Data in this exercise Block Start

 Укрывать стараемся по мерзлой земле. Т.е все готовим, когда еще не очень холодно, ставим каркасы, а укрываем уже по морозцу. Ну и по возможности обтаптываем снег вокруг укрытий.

Data in this exercise Block End
Data in this exercise Block Start

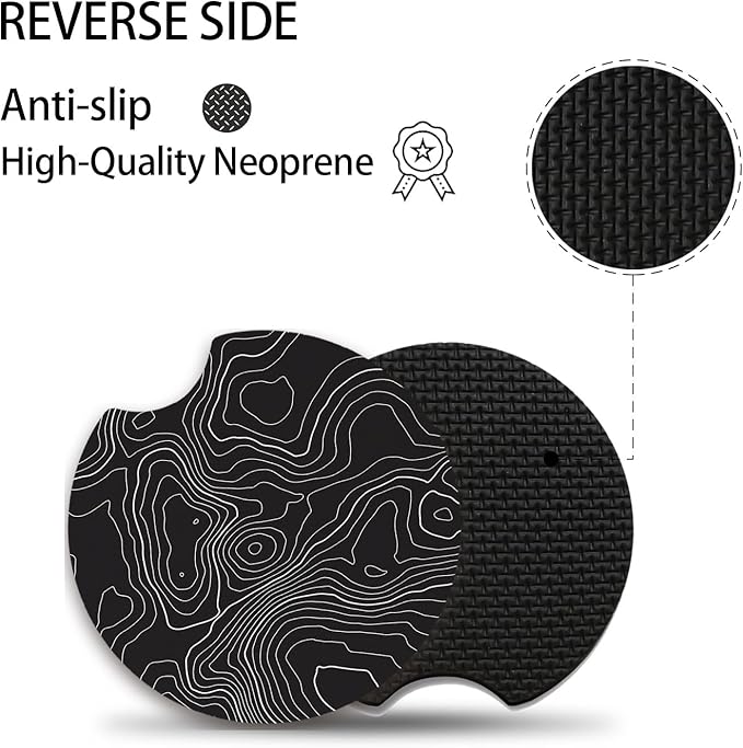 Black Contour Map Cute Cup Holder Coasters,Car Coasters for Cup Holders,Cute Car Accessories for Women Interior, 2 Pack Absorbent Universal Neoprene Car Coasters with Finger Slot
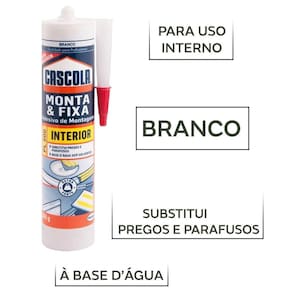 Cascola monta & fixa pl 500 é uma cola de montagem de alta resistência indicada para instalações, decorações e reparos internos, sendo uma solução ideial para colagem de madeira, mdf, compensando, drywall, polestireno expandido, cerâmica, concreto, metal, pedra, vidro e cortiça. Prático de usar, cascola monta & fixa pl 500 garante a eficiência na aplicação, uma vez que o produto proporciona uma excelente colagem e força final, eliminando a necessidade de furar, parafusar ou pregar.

Data in this exercise Block End

_Task directions_
Could you output exactly the lines above, from the line with "Black Contour Map" up to and including the line with "Cascola monta & fixa pl 500 é", and nothing else, skipping the pictures?

_Written answer_
 Black Contour Map Cute Cup Holder Coasters,Car Coasters for Cup Holders,Cute Car Accessories for Women Interior, 2 Pack Absorbent Universal Neoprene Car Coasters with Finger Slot
 Cascola monta & fixa pl 500 é uma cola de montagem de alta resistência indicada para instalações, decorações e reparos internos, sendo uma solução ideial para colagem de madeira, mdf, compensando, drywall, polestireno expandido, cerâmica, concreto, metal, pedra, vidro e cortiça. Prático de usar, cascola monta & fixa pl 500 garante a eficiência na aplicação, uma vez que o produto proporciona uma excelente colagem e força final, eliminando a necessidade de furar, parafusar ou pregar.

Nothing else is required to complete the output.